Мишель с улыбкой взглянул на личико младшей сестры: может, конечно, Адель и самая избалованная девушка на свете, но при всём её эгоизме, у неё доброе сердце.

– Так и быть, я всё сделаю сам. А ты иди уже, наконец, за стол, иначе отец растерзает нас вместо своих офицеров, – проворчал молодой князь, подталкивая сестру к двери.

Пытаясь придать лицу максимально благодушное и спокойное выражение, Адель поспешила вслед за братом в большую, изысканно обставленную столовую, где во главе длинного стола ожидал их отец.

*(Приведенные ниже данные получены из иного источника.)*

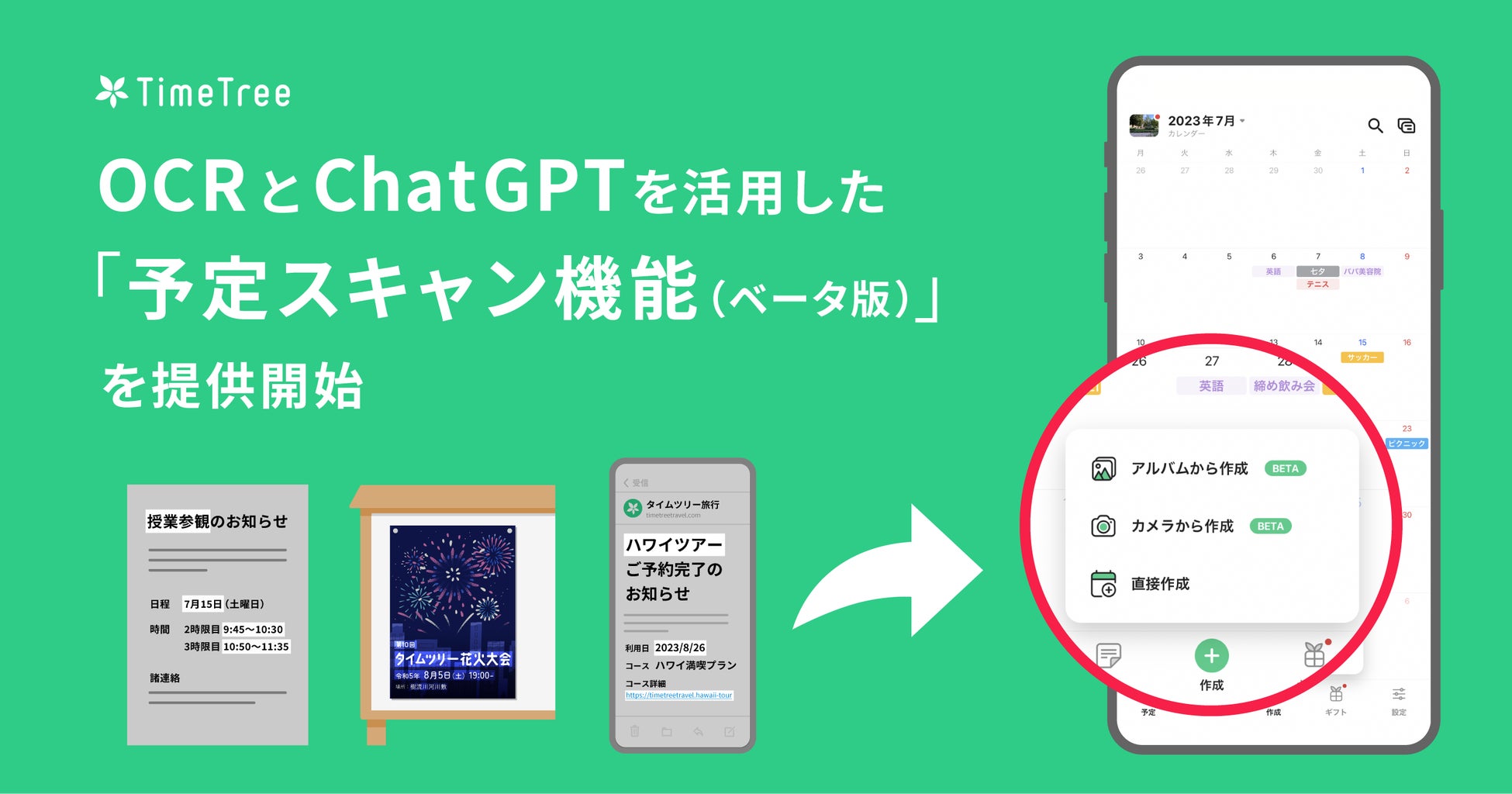 株式会社TimeTree、カレンダーシェアアプリ「TimeTree」にOCRとChatGPTを活用した「予定スキャン機能(ベータ版)」を提供開始
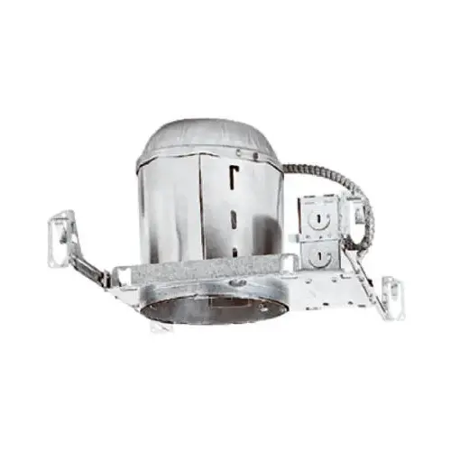 For use with 120 volt Incandescent lamps. Aluminum construction for greater heat dissipation. For installations where housing will be in direct contact with ceiling insulation. Integral thermal protector guards against misuse of insulation materials and improper lamping. Adjustable socket bracket assures proper and consistent lamp positing. Junction box is listed for through branch circuit wiring and has seven 1/2"" knockouts. Slide-N-Slide connectors allow non-metallic sheathed cable to be installed without removing knockouts. Pre-installed captive bar hangers allow housing to be positioned at any point within a 24"" joist span. Can be field shortened for 12"" joist. Installation: 7-1/2"" height allows use in 2 x 8 joist construction. Housing accommodates ceilings up to 2"" thick. Requires 6-1/2"" ceiling opening. Listings: UL Damp Locations. UL Feed Through. UL Listed for direct contact with insulation. CSA Certified. IP Rated.
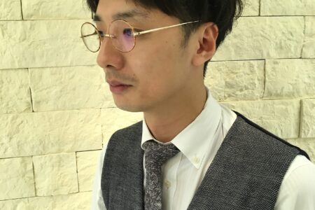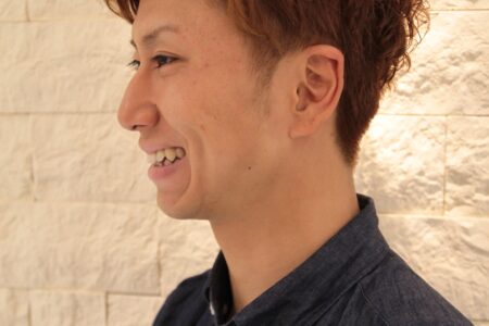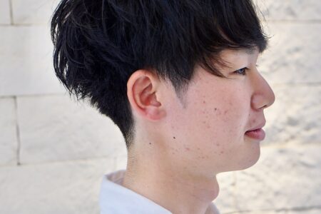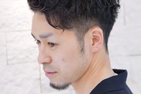 全体的にワンカールくらいのパーマ。横から襟足にかけて幅広く刈り上げ。柔らかめのワックスをなじませています。
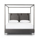 Safari styling gets refreshed with modern-minded high-performance fabric. Leather straps secure decorative suspended headboard pillows. Box spring required. This bed is not compatible with an adjustable mattress.
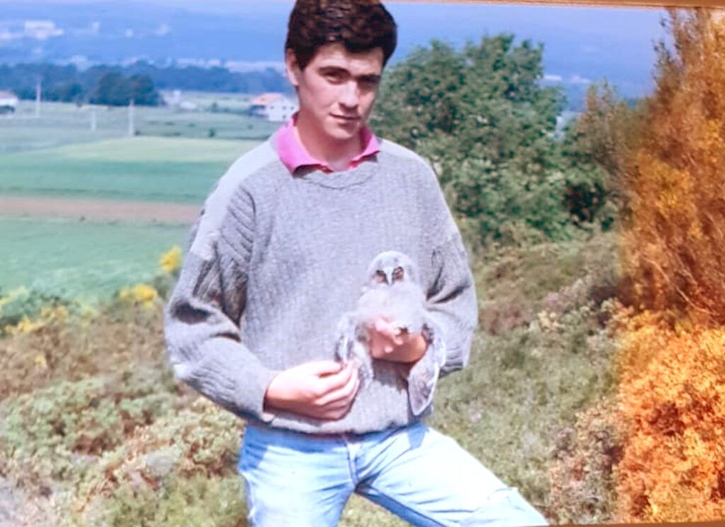 Yo, anillando pollos de Búho chico allá por el año 1990.
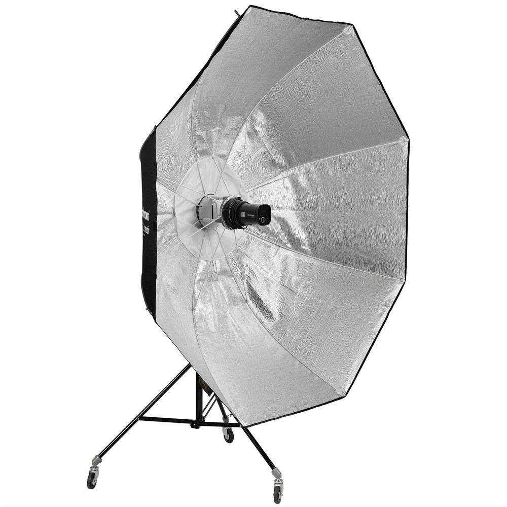 I Litemotiv Octa 190 cm sitter en ny typ av reflekterande tyg som ger en mycket hög ljusstyrka. Det innebär att Litemotiv kan drivas av de flesta studioblixtar. Kombinationen med högreflekterande tyg inuti softboxen och högkvalitativ diffusorduk ger Litemotiv Octa dess unika ljusflöde.

Князю Андрею Алексеевичу Вяземскому было на тот момент пятьдесят лет. Это был высокий, статный мужчина, довольно привлекательный внешне, он сохранил свою русую шевелюру практически не тронутой сединой, что делало его моложе своих лет, а карие глаза князя до сих пор отличались лукавым, мальчишеским блеском.

Словом, он пользовался абсолютным успехом у знатных дам Лондона, являясь желанным трофеем для охотниц за мужьями и веселых вдовушек. Да что там говорить, даже многие замужние леди были не против свести с ним … более близкое знакомство, но Андрей Алексеевич держал себя в руках и ни разу не запятнал себя порочащими связями.